**Input:**
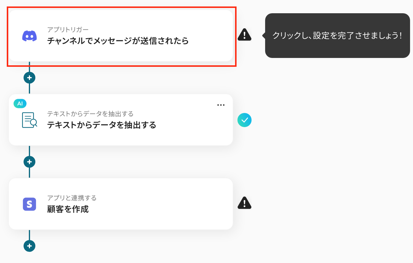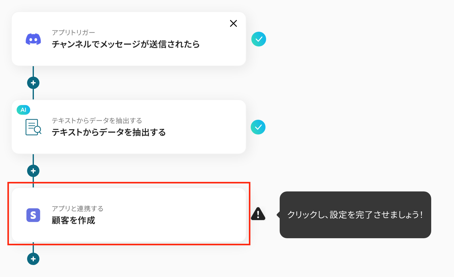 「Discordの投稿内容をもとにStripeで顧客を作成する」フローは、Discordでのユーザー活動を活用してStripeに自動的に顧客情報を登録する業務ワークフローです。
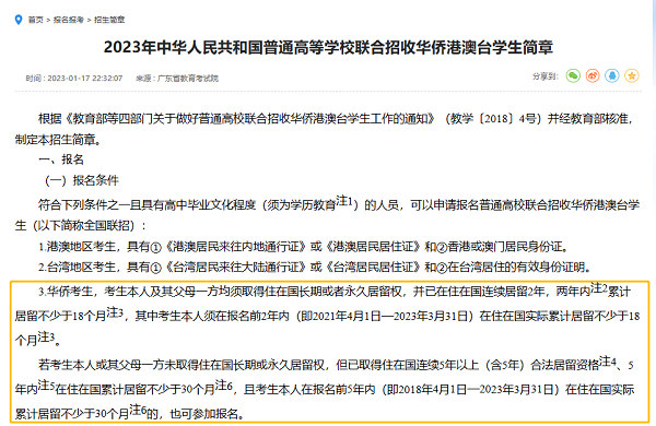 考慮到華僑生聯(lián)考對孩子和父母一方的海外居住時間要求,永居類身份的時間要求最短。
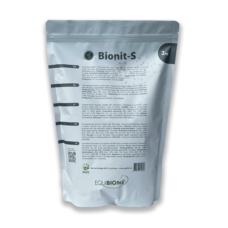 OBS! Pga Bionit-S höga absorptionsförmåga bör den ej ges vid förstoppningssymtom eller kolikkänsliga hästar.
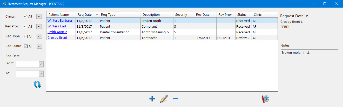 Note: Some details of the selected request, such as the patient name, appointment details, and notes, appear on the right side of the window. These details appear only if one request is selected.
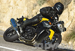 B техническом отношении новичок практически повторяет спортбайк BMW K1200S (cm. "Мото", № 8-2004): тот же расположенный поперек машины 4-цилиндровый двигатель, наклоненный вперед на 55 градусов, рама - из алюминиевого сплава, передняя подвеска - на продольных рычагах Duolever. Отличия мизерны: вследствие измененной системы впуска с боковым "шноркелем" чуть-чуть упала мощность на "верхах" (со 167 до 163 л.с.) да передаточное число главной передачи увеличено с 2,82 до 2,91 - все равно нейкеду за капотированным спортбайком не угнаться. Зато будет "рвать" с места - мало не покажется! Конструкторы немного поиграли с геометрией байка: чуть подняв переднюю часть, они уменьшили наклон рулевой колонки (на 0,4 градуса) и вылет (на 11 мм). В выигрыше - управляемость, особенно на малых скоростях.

* * *

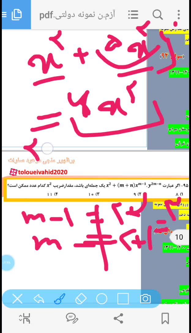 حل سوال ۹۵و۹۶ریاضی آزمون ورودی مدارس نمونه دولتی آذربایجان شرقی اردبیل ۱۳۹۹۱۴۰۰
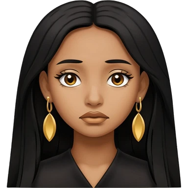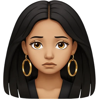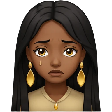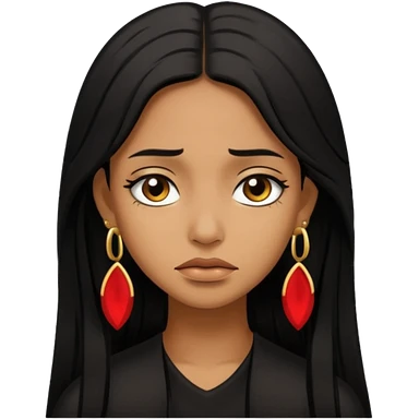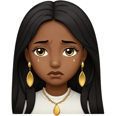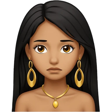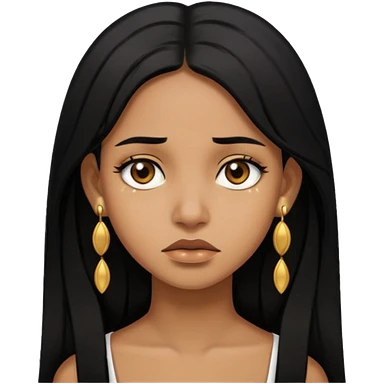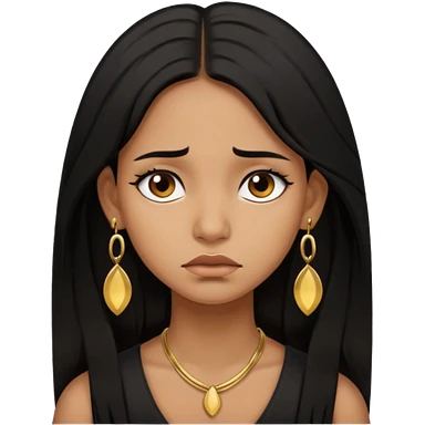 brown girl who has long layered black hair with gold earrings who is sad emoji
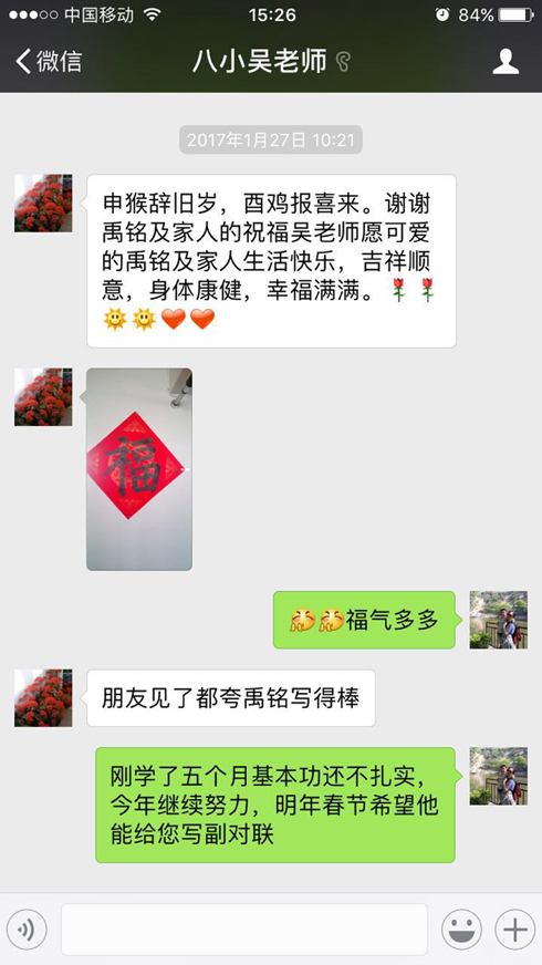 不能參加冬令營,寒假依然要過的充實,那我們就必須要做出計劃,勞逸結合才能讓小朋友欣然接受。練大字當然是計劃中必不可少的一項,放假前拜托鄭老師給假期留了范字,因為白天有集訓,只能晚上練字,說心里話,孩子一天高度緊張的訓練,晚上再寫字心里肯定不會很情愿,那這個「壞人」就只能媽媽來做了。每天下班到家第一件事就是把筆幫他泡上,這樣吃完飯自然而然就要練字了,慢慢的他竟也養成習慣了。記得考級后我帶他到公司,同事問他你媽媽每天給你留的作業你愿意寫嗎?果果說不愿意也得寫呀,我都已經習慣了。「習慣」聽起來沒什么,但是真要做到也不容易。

---

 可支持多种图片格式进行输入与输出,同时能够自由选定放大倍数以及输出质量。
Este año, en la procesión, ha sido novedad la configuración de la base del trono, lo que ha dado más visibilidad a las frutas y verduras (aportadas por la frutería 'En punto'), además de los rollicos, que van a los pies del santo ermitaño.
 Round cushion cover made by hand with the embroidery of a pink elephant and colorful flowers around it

**Work to complete:**
Find "Este año, en" in the entries above and copy that whole line exactly, then each line after it through the line that contains "Round cushion cover".

**Expected output:**
Este año, en la procesión, ha sido novedad la configuración de la base del trono, lo que ha dado más visibilidad a las frutas y verduras (aportadas por la frutería 'En punto'), además de los rollicos, que van a los pies del santo ermitaño.
 Round cushion cover made by hand with the embroidery of a pink elephant and colorful flowers around it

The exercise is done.